Plot cumulative energy as a function of time for wavelets $A=[1,\;-2,\;3]$ and $B=[3,\;-2,\;1]$

Background

A filter that will change a signal so as to make it as close as possible to a desired signal can be designed in a least-squares sense to minimize the sum of the squares of the “errors” (differences between a desired signal and the filtered signal). Such a filter is called a least-squares filter or Wiener filter.

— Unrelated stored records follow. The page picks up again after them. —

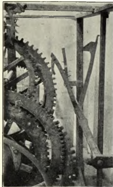
Fig. 4. Striking Levers Lifted to Show their Arrangement.

The lack of precision that would be serious with a simple single-lever strike such as we have
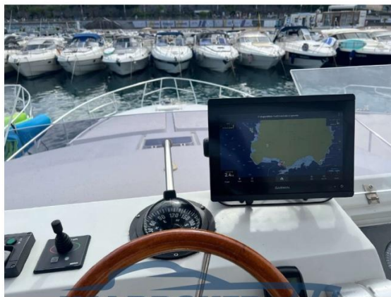
PLANCIA COMANDO FLY CON GPS GARMIN 12" NUOVO 2024 E NUOVA BUSSOLA
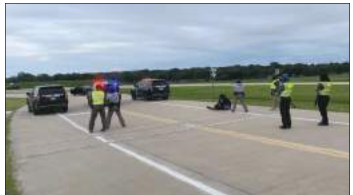
Class C-2022 JTFX Training at Florence.
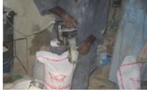
Preparation of dry rations for relief distribution

family received proper aid and can be given future assistance down the road. The beneficiary families, including weak and handicapped elderly, women and children, very much appreciated this
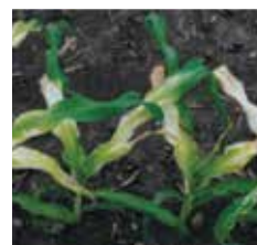
Sweet corn, mesotrione – 3 fl oz + COC
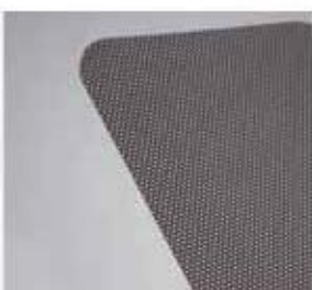
2 Garment fabrics cotton, polyester, velour, net, toweling materials, spacer- or micro fabrics.
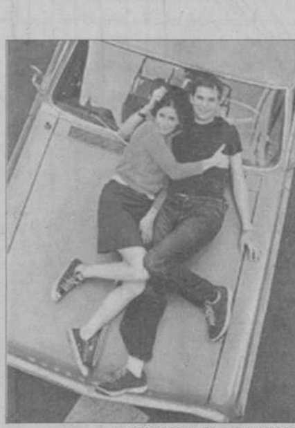
Peet and Kutcher find on-screen chemistry. living at home. They
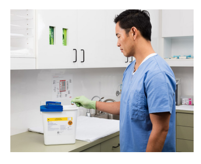
Pharmaceutical Waste Solutions Disposal of unused and particiallyused pharmaceutical waste, including dental carpules.
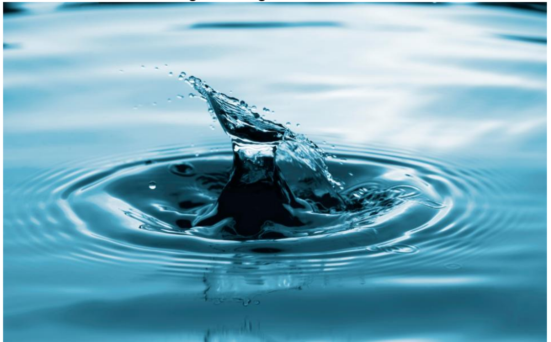
Initial Ripple Effects of U.S. Supreme Court Affirmative Action in Student Admissions Decision
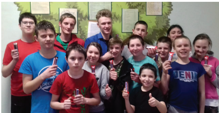
The children with their chocolate bars.

In late March, we were invited to come to Taganrog again to minister to refugee children.
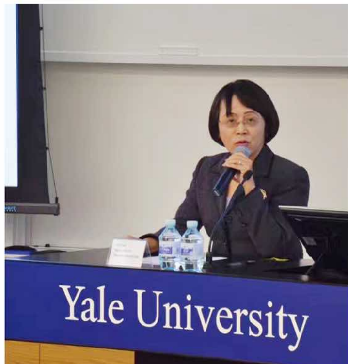
Hu Shuli, editor-in-chief of Caixin Media, on China-U.S. outbound investments
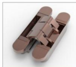
Bronz | Bronze Bronze | Bronze
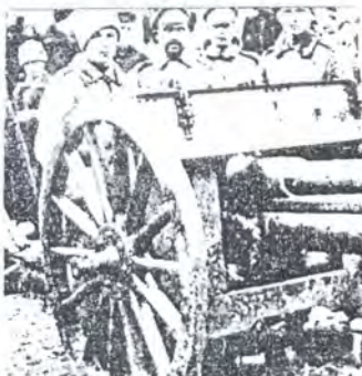
Photo: Bolshevik supporters defend the Moscow City Soviet.

56 years ago this month the first workers' state was triumphantly born under the slogan, "All Power to the Soviets" - the workers, peasants' and soldiers' councils. Won by the united proletariat and peasantry of Russia, led by the first Marxist-Leninist Party in the world, it proclaimed its victory with the statement:
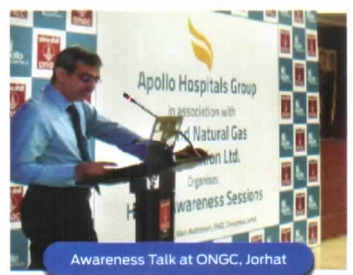
Awareness Talk at ONGC, Jorhat
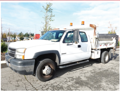
2006 CHEV 3500
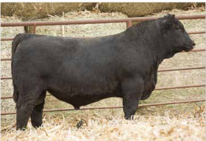
LOT 36 RUBY NFF CASH FLOW 0H89
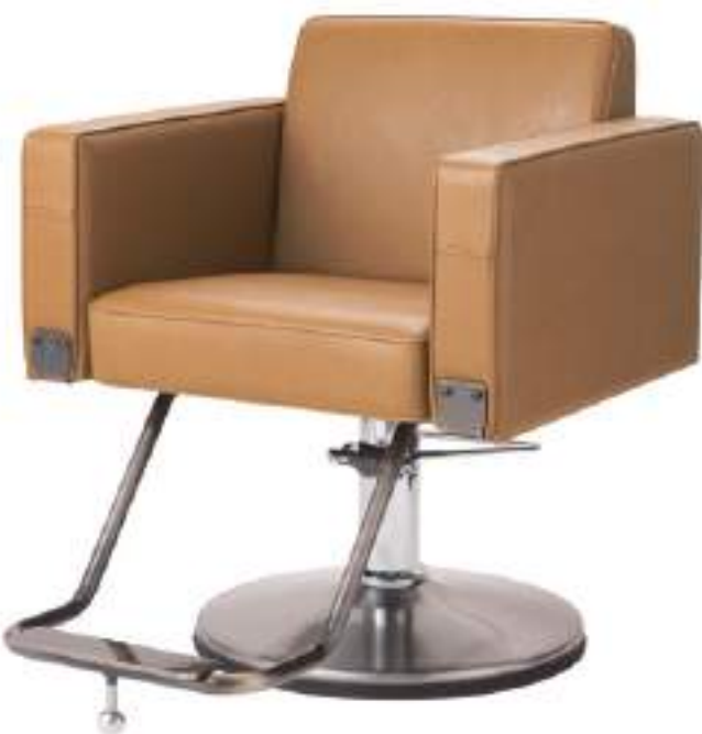
A1205 With Antiqued Footrest

Strong and solid in appearance and function, a 360° lockable base and metal or antique footrest delivers on style, comfort and performance.
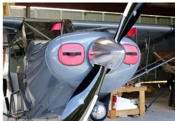
Piper PA-18 Super Cub Engine Inlet Plugs
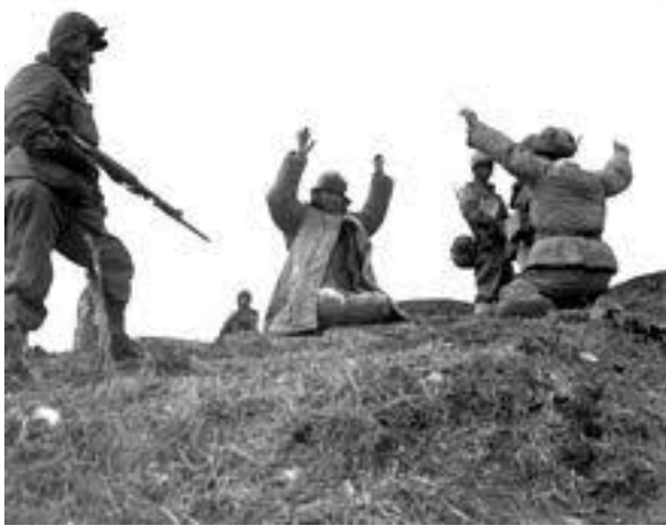
American soldiers hold Chinese prisoners at M4 bayonet point on Korean ridge.
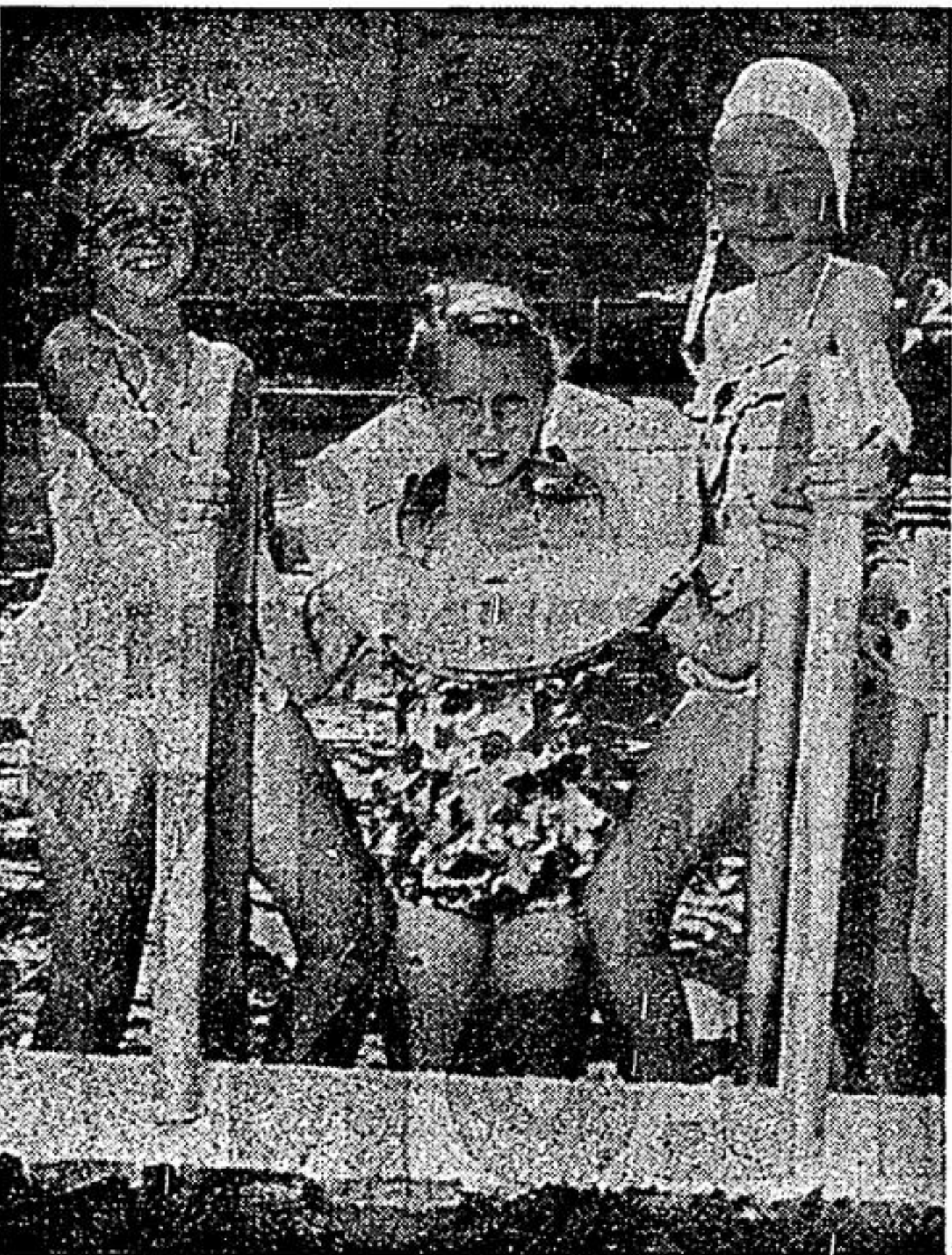
Three pretty Claremont hour training session. They mermaids are pictured here on the edge of the open air pool after completing a one-
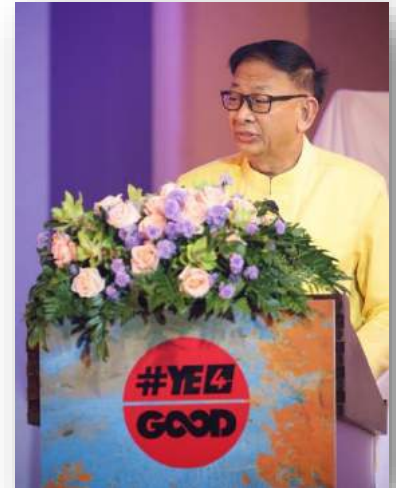
Welcome from the Deputy Governor of Chiang Mai

A beautiful Thai concert made for a memorable opening event.
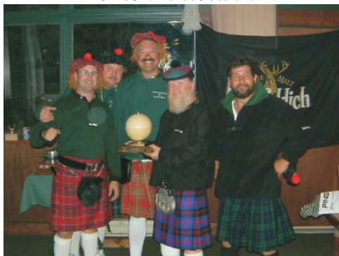
Presentation of Team Championship Trophy
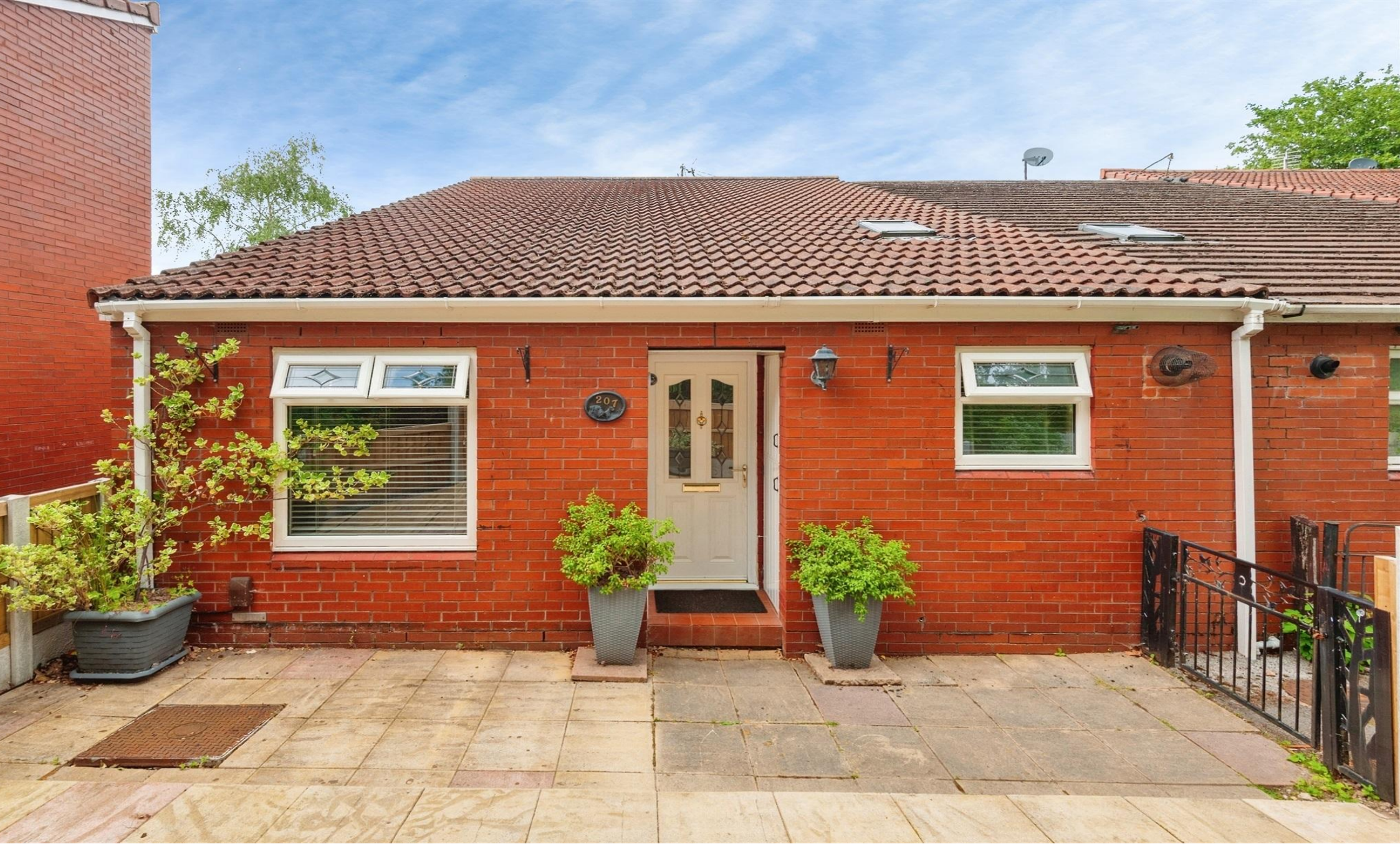
Stonelea, Windmill Hill Runcorn WA7 6LH

Using $g_{t}$ to denote the original signal and $h_{t}$ the desired signal, the sum of the errors squared is

{\begin{aligned}E=\mathop {\sum } \limits _{t=0}^{n}(h_{t}-f_{t}*g_{t})^{2}.\end{aligned}}

(9.22a)

Since all quantities on the right-hand side of equation (9.22a) are fixed except the filter elements $f_{i}$ , we vary the coefficients $f_{i}$ to minimize $E$ . We differentiate $E$ with respect to each of the elements $f_{i}$ and equate the derivatives to zero. This gives $(n+1)$ equations which can be solved for the $(n+1)$ elements of the filter. Differentiating $E$ , we get

${\begin{aligned}{\frac {\partial E}{\partial f_{i}}}=0=\mathop {\sum } \limits _{t=0}^{n}(h_{t}-f_{t}*g_{t}){\frac {\partial (f_{t}*g_{t})}{\partial f_{i}}}\\=\mathop {\sum } \limits _{t=0}^{n}\left(h_{t}-\mathop {\sum } \limits _{t=0}^{n}g_{k}\ f_{t-k}\right){\frac {\partial }{\partial f_{i}}}\left(\mathop {\sum } \limits _{t=0}^{n}g_{k}\ f_{t-k}\right),\end{aligned}}$

using equation (9.2b) to replace $f_{t}*g_{t}$ with a summation. The derivative now becomes

${\begin{aligned}{\frac {\partial }{\partial f_{i}}}\left(\mathop {\sum } \limits _{t=0}^{n}g_{k}\ f_{t-k}\right)=g_{t-i},\end{aligned}}$

since the only nonzero term in the differentiation is that in which $f_{t}$ appears, that is, $t-k=i$ , so $k=t-i$ . Substituting this result, we get

${\begin{aligned}\mathop {\sum } \limits _{t=0}^{n}\left(h_{t}-\mathop {\sum } \limits _{k}^{}g_{k}\ f_{t-k}\right)g_{t-i}=0=\mathop {\sum } \limits _{t=0}^{n}h_{t}\ g_{t-i}-\mathop {\sum } \limits _{t=0}^{n}\left(\mathop {\sum } \limits _{k}^{}(g_{k}\ f_{t-k})g_{t-i}\right).\end{aligned}}$

The first term is $\phi _{gh}$ ( $i$ ) from equations (9.8a) and (9.8b). Interchanging the order of summation in the right-hand term, letting $j=t-k$ , and summing over $j$ , the equation becomes

${\begin{aligned}\mathop {\sum } \limits _{j=0}^{n}\left(f_{j}\mathop {\sum } \limits _{t=0}^{n}g_{t-j}\ g_{t-i}\right)=\mathop {\sum } \limits _{j=0}^{n}f_{j}\phi _{gh}(i-j)\end{aligned}}$

(see problem 9.21a). Thus we arrive at the normal equations

{\begin{aligned}\mathop {\sum } \limits _{j=0}^{n}\phi _{gg}(i-j)f_{j}=\phi _{gh}(i),\qquad i=0,1,2,\ldots ,n.\end{aligned}}

(9.22b)

Solution

The transforms of $A$ and $B$ are $(1-2z+3z^{2})$ and $(3-2z+z^{2})$ , so the roots of $A$ are ${\frac {1}{3}}(1\pm j{\sqrt {2}})$ and those of $B$ are $(1\pm j{\sqrt {2}})$ , the magnitudes of the roots being $1/{\sqrt {3}}$ and ${\sqrt {3}}$ . Thus $A$ is maximum-phase and $B$ is minimum-phase.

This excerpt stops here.